(Records drawn from a dataset)
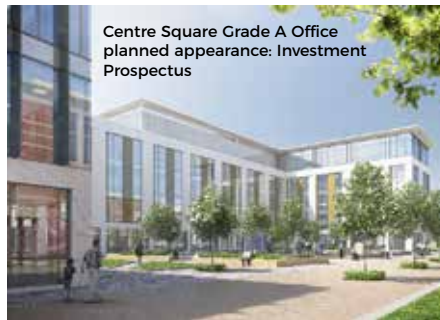
Centre Square Grade A Office planned appearance: Investment Prospectus
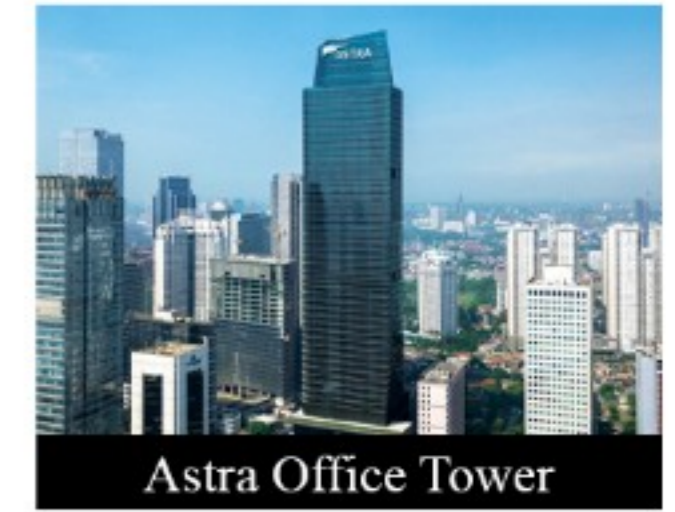
Astra Office Tower
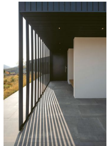
The entry sequence traces the topography of the sloped site, moving through screened views of the canyon panorama and stopping along the way at a built-in “mudroom” bench.

As careful as the house is to capture views for its occupants, it also does its best to preserve the views for others. “It’s not a canyon that’s heavily traveled, but quite a few hikers do go by,” says Anne Mooney, AIA. “We did try to
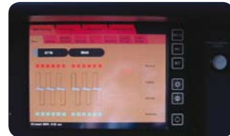
Maintenance screen Train

POSS ® satisfies all modern railway requirements, complying with the highest electromagnetic compatibility (EMC) standards in its category and is therefore ideal for all rail infrastructure applications.
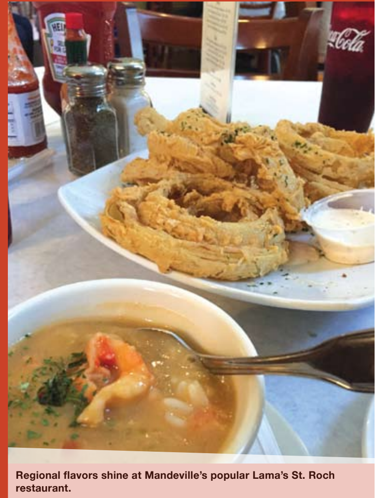
Regional flavors shine at Mandeville's popular Lama's St. Roch restaurant.

600 N. Causeway Approach (985) 626-4476 www.treyyuen.com ► Culinary creations from the Wong brothers combine local seafood with Chinese seasoning and technique. Lovely pagoda setting. Full bar.
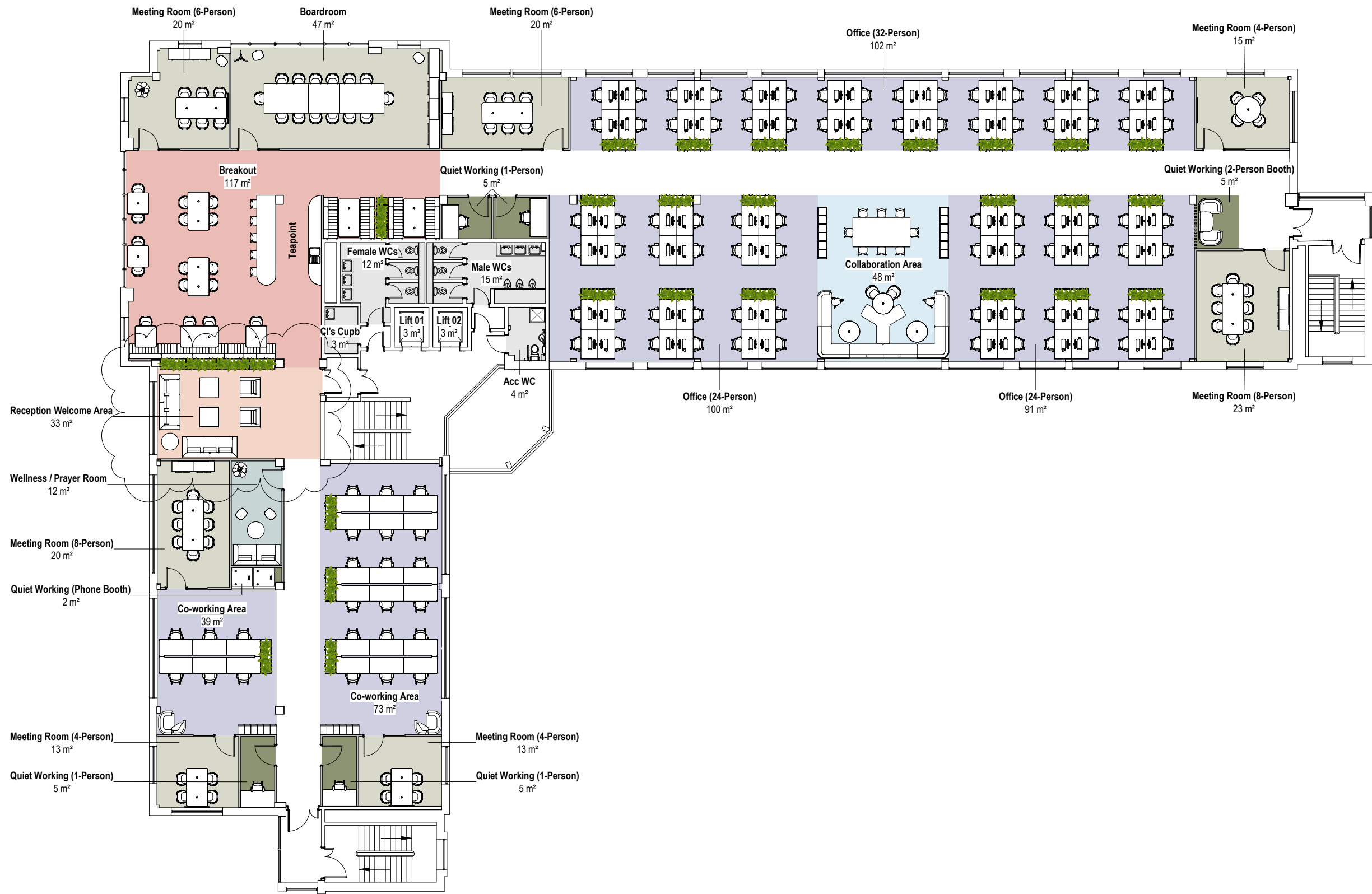
Typical Office Layout Test Fit (Low Density - 80 Permanent Desks) 1 : 200
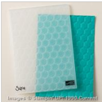
Hexagons Dynamic Textured Impressions Embossing Folder
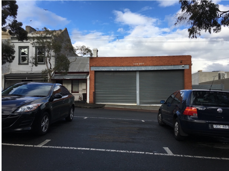
Figure 3 205-211 Roden Street, as viewed from the north. The property contains a single storey red brick warehouse, with a flat roof clad in corrugated iron.
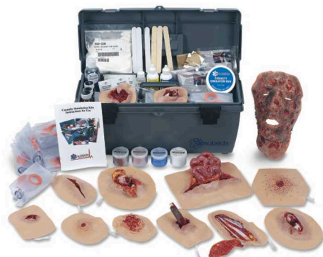
025 Xtreme Moulage Kit
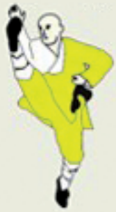
Shang bu teng kong er qi jiao
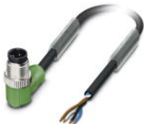
Sensor/actuator cable, 4-position, PUR halogen-free, black-gray RAL 7021, Plug angled M12, D-coded, on free cable end, cable length: 3 m

Please be informed that the data shown in this PDF Document is generated from our Online Catalog. Please find the complete data in the user's documentation. Our General Terms of Use for Downloads are valid ( http://phoenixcontact.com/download )

=== REQUIRED ACTION ===
Your response must consist of the lines from the beginning of the data through the line containing "The entry sequence", transcribed exactly, with no pictures.

=== THE COMPLETED TASK ===
Centre Square Grade A Office planned appearance: Investment Prospectus
Astra Office Tower
The entry sequence traces the topography of the sloped site, moving through screened views of the canyon panorama and stopping along the way at a built-in “mudroom” bench.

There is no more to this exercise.